Fundamental 3-D properties of magnetic turbulence observed in the magnetosheath are reported, thanks to measurements by ESA's Cluster mission close to the magnetopause. These properties are of prime importance to model magnetic turbulence in the magnetosheath, which plays a key role in the dynamical coupling between the solar wind and the magnetosphere. Their consequences are also relevant to astrophysical and laboratory plasmas. This new scientific breakthrough on magnetic turbulence by Cluster is published today, 24 February 2006, in Physical Review Letters.

The Earth's magnetic field is our line of defence against the permanent flow of particles coming from the Sun: the solar wind.
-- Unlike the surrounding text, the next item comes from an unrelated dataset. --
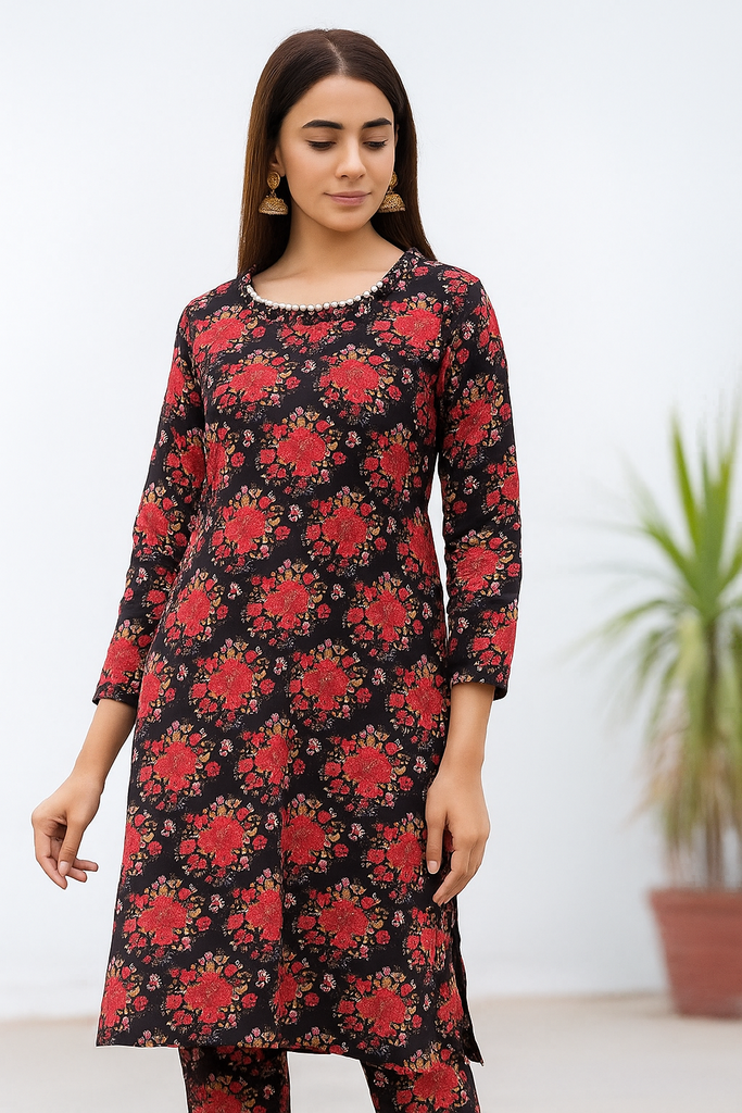 Elevate your wardrobe with our Midnight Rose Floral 2-Piece Set, featuring a timeless black base adorned with bold red rose prints. Crafted from soft, breathable fabric, this outfit combines traditional charm with modern comfort. The long shirt is beautifully tailored for an elegant silhouette, paired with matching trousers for a complete look. Perfect for casual gatherings or semi-formal occasions — radiate grace and style effortlessly with this floral masterpiece.

Thanks to the Earth's magnetic field, most of this solar material gets deflected around the Earth's magnetosphere, delimited by a boundary layer called magnetopause.

Image 1: Sketch of the Earth's magnetosphere (ESA)

Like for any other magnetised planet (Jupiter, Saturn, ...), the solar wind is in fact first decelerated from supersonic to subsonic speed by a shock wave (called bow shock), located in front of the magnetopause. The region between the bow shock and the magnetopause, characterized by very turbulent plasma, is called the magnetosheath (Image 1).

Characterising the properties of the magnetic turbulence occurring in this region is of prime importance to understand its role in fundamental processes such as mass transport, energy dissipation and magnetic reconnection (a physical process which enables a small fraction of the incoming solar wind to sneak through the magnetopause).

Image 2: Magnetic field fluctuations measured by the FGM instrument on all four Cluster spacecraft, colour coded as follows: black–Cluster 1, red-Cluster 2, green-Cluster 3 and blue-Cluster 4. (a) parallel component of the magnetic field fluctuations with respect to the mean static field B0; (b) magnitude of the whole fluctuations normalized to B0 (courtesy of Dr. Sahraoui, CETP/IPSL)

On 18 February 2002, the four satellites of the Cluster mission were crossing the magnetosheath close to the magnetopause when they simultaneously detected a high level of magnetic field fluctuations (Image 2). The four spacecraft were flying in tetrahedral formation at about 100 kilometres distance from each other, hence the similarities between the measurements obtained by the different satellites.

By conducting a multi-point analysis of these fluctuations, a team of European scientists reports 3-D properties of magnetic turbulence, observed in the magnetosheath close to the magnetopause, and compare them to present turbulence theories. Here is a brief summary of their results, published by Dr. Fouad Sahraoui and co-authors in today's issue of Physical Review Letters.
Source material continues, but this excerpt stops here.